One of the best ways to remove spyware on an iPhone is to use antivirus software that includes a spyware removal tool. For example, Avast One has a free anti-spyware and scanner removal tool. A paid alternative would be TotalAV Antivirus which again offers protection from spyware on iOS.

While you can use antivirus software to detect and remove spyware on iPhone, that’s not the only way to go about it.


Norton Antivirus is offering a fully-featured risk-free 60-day trial if you sign up at this page. This means you can use the Antivirus rated #1 by Comparitech with no restrictions for 2 months.

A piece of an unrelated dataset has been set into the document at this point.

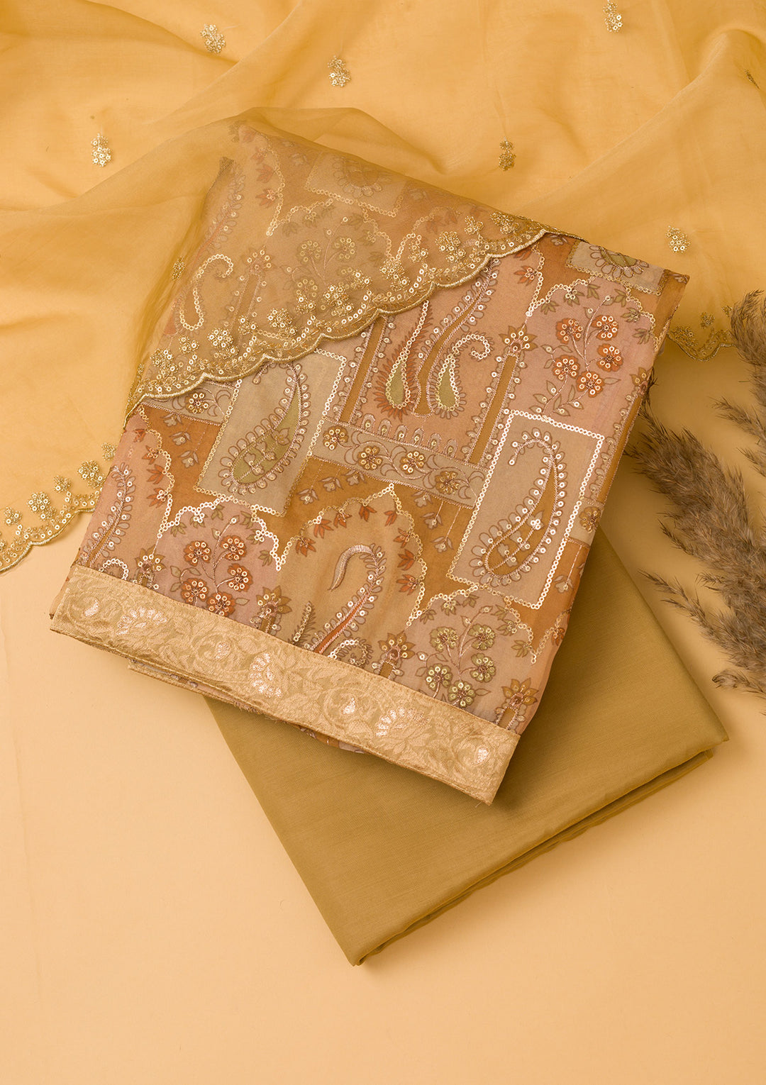 | Beige Threadwork Organza Unstitched Salwar Suit | $95.00 USD | |

There are no hidden termsjust contact support within 60 days if you decide Norton Antivirus isn't right for you and you'll get a full refund. Start your Norton trial here.

Update your software

Failing to keep software and apps updated is a common cause of security issues on iPhone. Hackers are constantly looking to exploit vulnerabilities which are ultimately fixed by Apple through security updates (patches). However, if you don’t update to the newest version of iOS or the latest version of an app, then your device can still be at risk.

Here’s how to update to the latest iOS on iPhone:

  1. Start by clicking on the Settings app icon.
  2. Scroll down and select General > Software Update.
  3. If there’s a new software update, you’ll now see its details.
  4. Tap on Download and Install and then agree to the Terms and Conditions.
  5. Enter your password to start the download and install process.

Keeping apps updated can also prevent security issues such as spyware from taking over your iPhone.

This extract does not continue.